# Exercise requirements
Within the entries below, output exactly the lines between the line containing "Pink clouds isolated" and the line containing "٢٣٣٣ - ٢٣٣٦)", inclusive, and omit any picture.

# Source material
___
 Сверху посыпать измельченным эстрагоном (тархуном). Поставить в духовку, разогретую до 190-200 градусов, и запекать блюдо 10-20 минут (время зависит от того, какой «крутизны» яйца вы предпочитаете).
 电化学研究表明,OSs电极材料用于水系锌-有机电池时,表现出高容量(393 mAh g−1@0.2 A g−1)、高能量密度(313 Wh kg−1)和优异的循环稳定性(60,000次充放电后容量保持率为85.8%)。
___
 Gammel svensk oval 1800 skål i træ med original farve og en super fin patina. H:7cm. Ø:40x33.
___
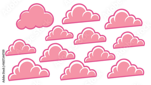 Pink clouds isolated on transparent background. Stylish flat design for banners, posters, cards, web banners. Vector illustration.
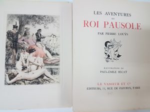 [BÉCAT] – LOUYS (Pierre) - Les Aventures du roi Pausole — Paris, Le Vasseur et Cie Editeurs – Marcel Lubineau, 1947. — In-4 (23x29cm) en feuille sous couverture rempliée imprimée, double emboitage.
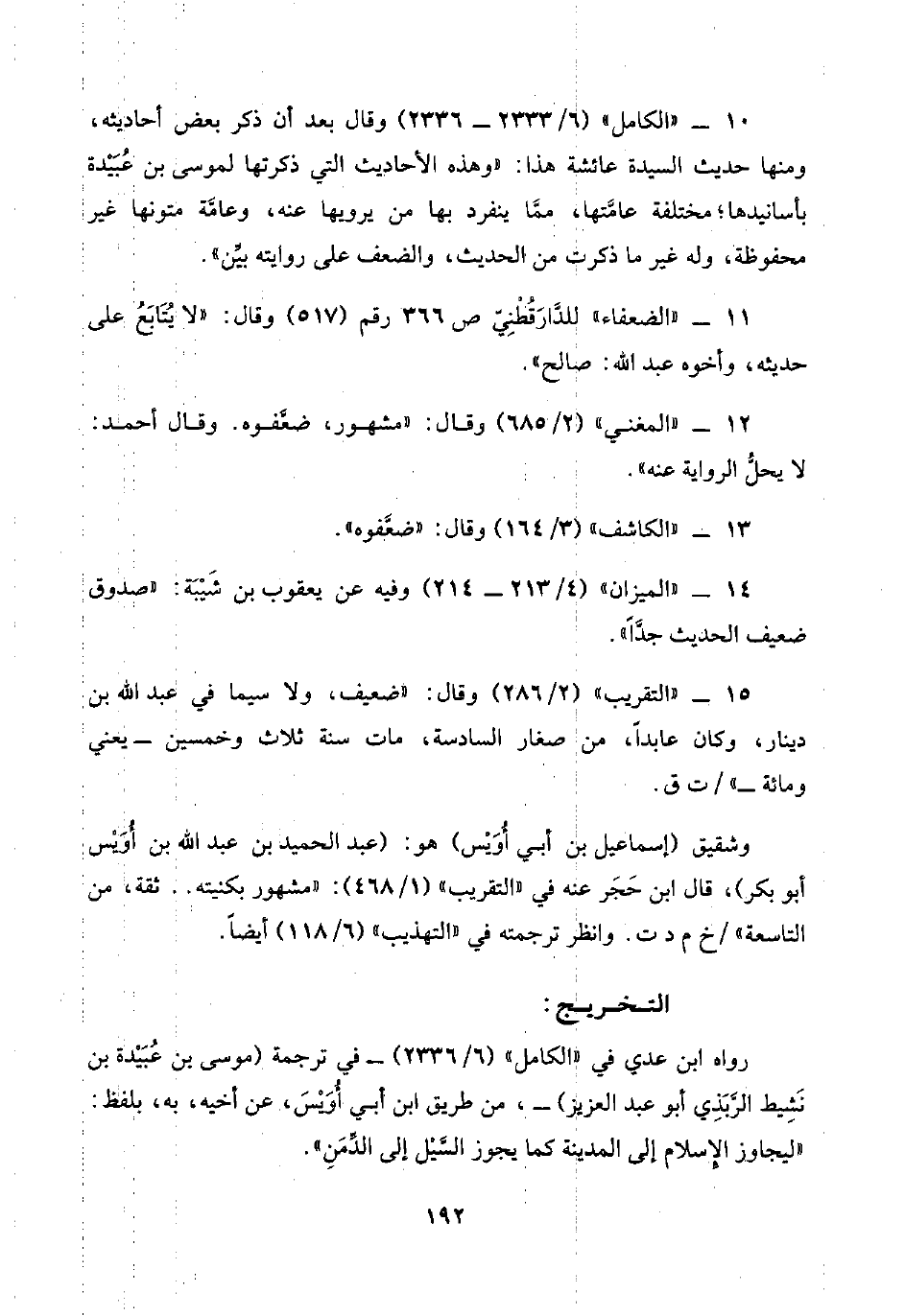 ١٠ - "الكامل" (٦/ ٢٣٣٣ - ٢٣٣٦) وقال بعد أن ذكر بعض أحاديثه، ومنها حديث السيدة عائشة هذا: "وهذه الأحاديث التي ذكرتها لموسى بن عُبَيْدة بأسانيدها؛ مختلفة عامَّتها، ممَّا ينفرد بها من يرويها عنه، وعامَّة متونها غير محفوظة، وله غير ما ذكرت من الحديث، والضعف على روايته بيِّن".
___
# Exercise solution
 Pink clouds isolated on transparent background. Stylish flat design for banners, posters, cards, web banners. Vector illustration.
 [BÉCAT] – LOUYS (Pierre) - Les Aventures du roi Pausole — Paris, Le Vasseur et Cie Editeurs – Marcel Lubineau, 1947. — In-4 (23x29cm) en feuille sous couverture rempliée imprimée, double emboitage.
 ١٠ - "الكامل" (٦/ ٢٣٣٣ - ٢٣٣٦) وقال بعد أن ذكر بعض أحاديثه، ومنها حديث السيدة عائشة هذا: "وهذه الأحاديث التي ذكرتها لموسى بن عُبَيْدة بأسانيدها؛ مختلفة عامَّتها، ممَّا ينفرد بها من يرويها عنه، وعامَّة متونها غير محفوظة، وله غير ما ذكرت من الحديث، والضعف على روايته بيِّن".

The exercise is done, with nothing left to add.